Dataset items:
_ _ _

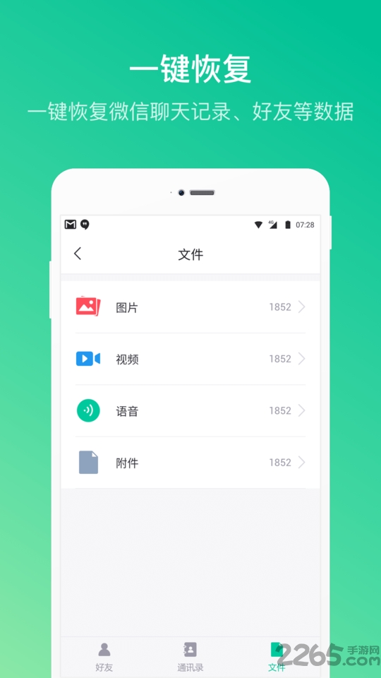 打开APP,呈现出图片,音乐,视频和文档四类文件分类 -【文件恢复】恢复误删文件,包括音频、视频、图片、Word文档、Excel文档,PPT文件、文本文件、压缩文件、PDF -【存储器占比】数字百分比,使得手机所占存储器一目了然 数据恢复帮助您轻松恢复并查看已经恢复的文件,为您的生活提供便利!
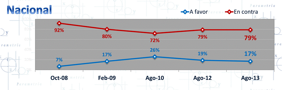 Cuatro de cada cinco mexicanos, es decir, 79% de la población a nivel nacional, está en contra de la legalización de la marihuana y uno de cada cinco, 17%, se declara a favor, así lo dio a conocer la agencia de investigación Parametría tras realizar una encuesta de opinión, luego de que el tema de la legislación en materia de su consumo y venta saliera nuevamente a discusión en la mesa de debate de México.
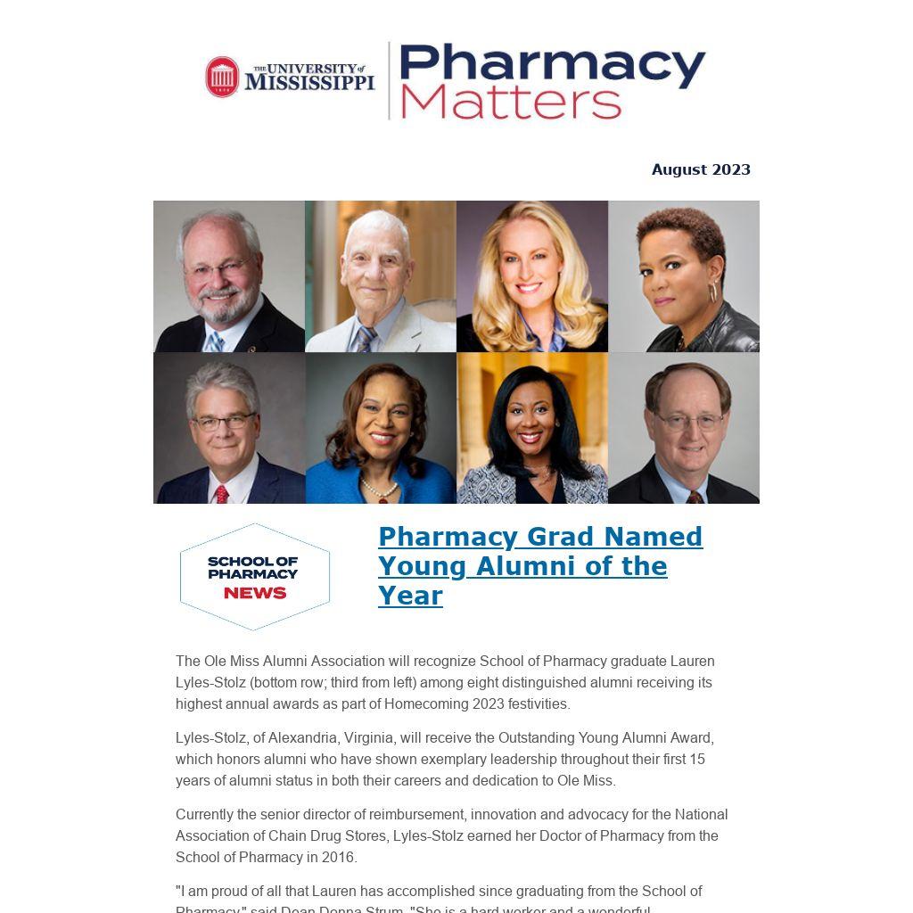 The Ole Miss Alumni Association will recognize School of Pharmacy graduate Lauren Lyles-Stolz (bottom row; third from left) among eight distinguished alumni receiving its highest annual awards as part of Homecoming 2023 festivities.
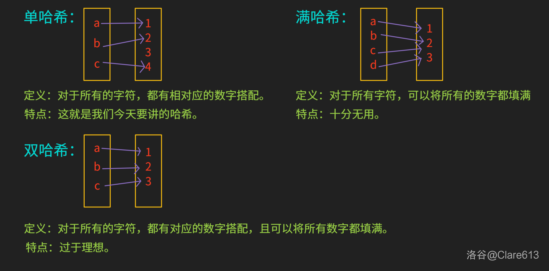 这是我们三种哈希,很明显,只有单哈希是切实可行的。当然,后面会提到“双哈希”,但不是现在写的双哈希。\
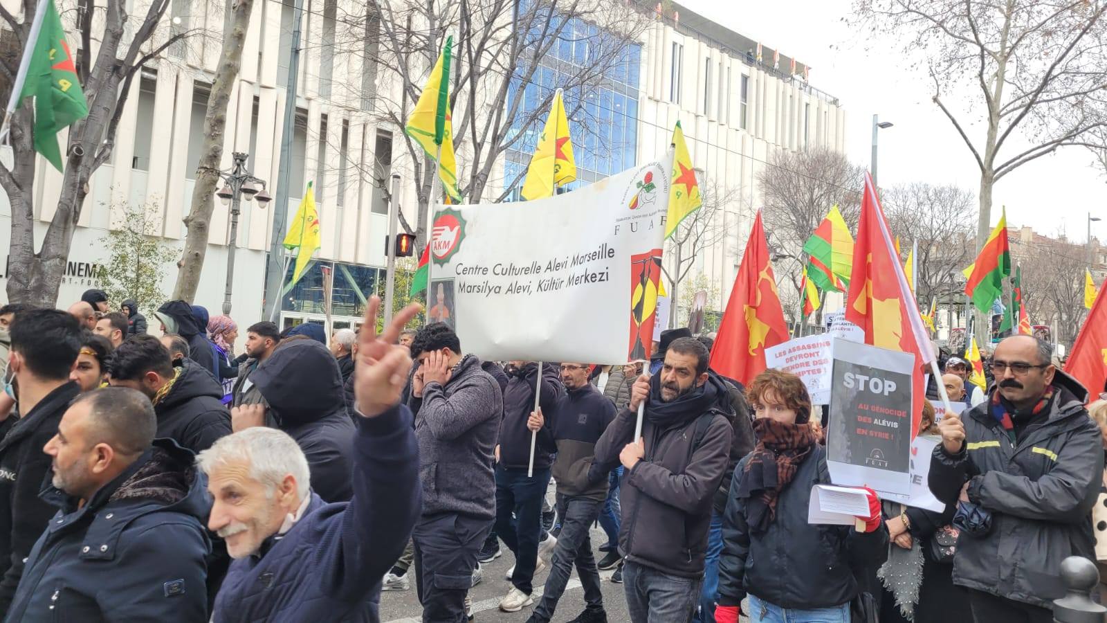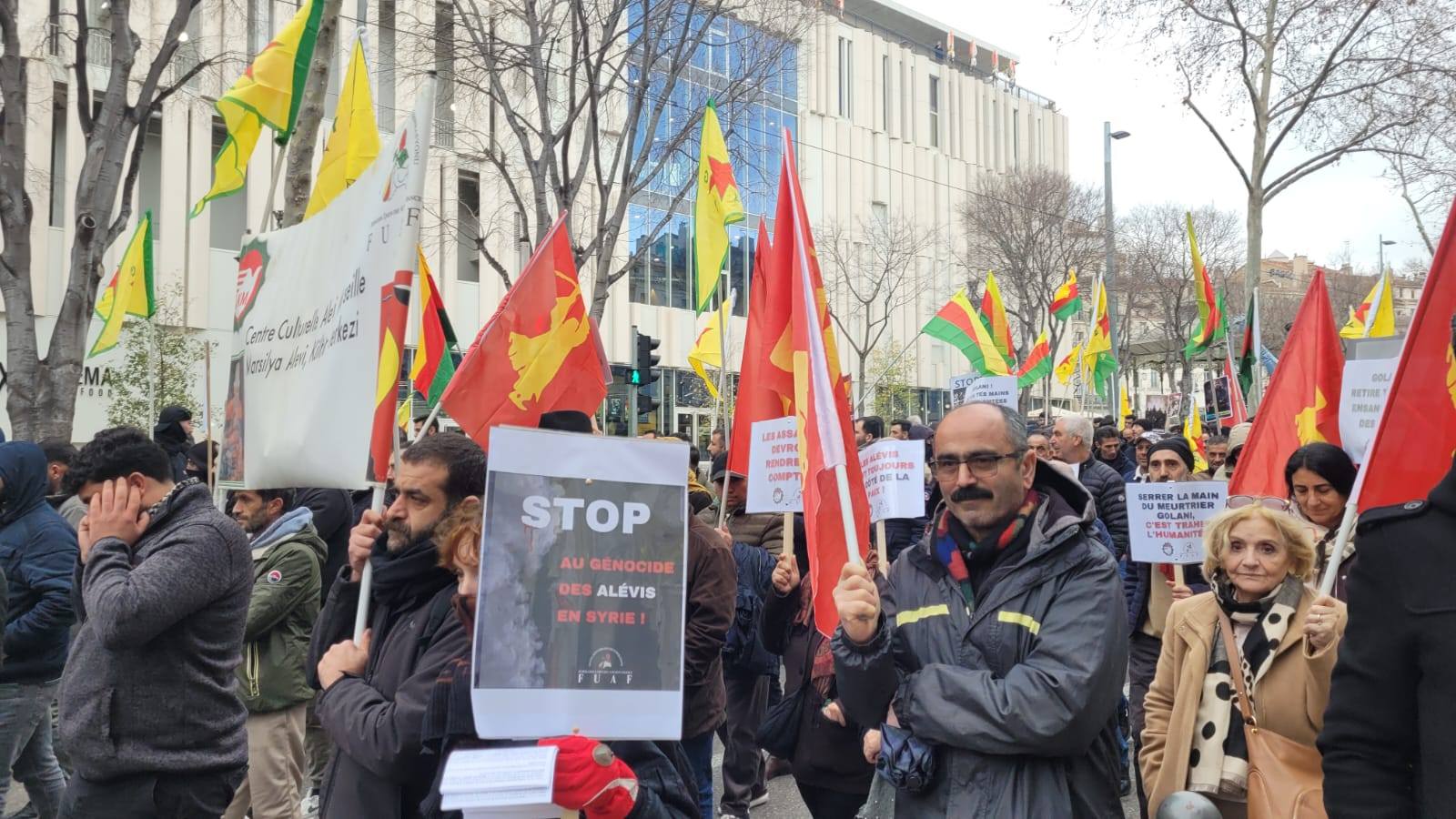 ⌈AHA⌉ Fransa Alevi Birlikleri Federasyonu, Suriye’de Alevilere, Dürzilere ve Hristiyanlara yönelik katliamlar ile Rojava’da Kürtlere karşı gerçekleştirilen saldırıları protesto etmek amacıyla Fransa’nın güneyindeki Marsilya kentinde basın açıklaması ve protesto eylemi düzenledi.

_ _ _

**Task directions**
An exact, word-for-word copy of the records is expected, with no pictures in it.

**Completed task**
 打开APP,呈现出图片,音乐,视频和文档四类文件分类 -【文件恢复】恢复误删文件,包括音频、视频、图片、Word文档、Excel文档,PPT文件、文本文件、压缩文件、PDF -【存储器占比】数字百分比,使得手机所占存储器一目了然 数据恢复帮助您轻松恢复并查看已经恢复的文件,为您的生活提供便利!
 Cuatro de cada cinco mexicanos, es decir, 79% de la población a nivel nacional, está en contra de la legalización de la marihuana y uno de cada cinco, 17%, se declara a favor, así lo dio a conocer la agencia de investigación Parametría tras realizar una encuesta de opinión, luego de que el tema de la legislación en materia de su consumo y venta saliera nuevamente a discusión en la mesa de debate de México.
 The Ole Miss Alumni Association will recognize School of Pharmacy graduate Lauren Lyles-Stolz (bottom row; third from left) among eight distinguished alumni receiving its highest annual awards as part of Homecoming 2023 festivities.
 这是我们三种哈希,很明显,只有单哈希是切实可行的。当然,后面会提到“双哈希”,但不是现在写的双哈希。\
 ⌈AHA⌉ Fransa Alevi Birlikleri Federasyonu, Suriye’de Alevilere, Dürzilere ve Hristiyanlara yönelik katliamlar ile Rojava’da Kürtlere karşı gerçekleştirilen saldırıları protesto etmek amacıyla Fransa’nın güneyindeki Marsilya kentinde basın açıklaması ve protesto eylemi düzenledi.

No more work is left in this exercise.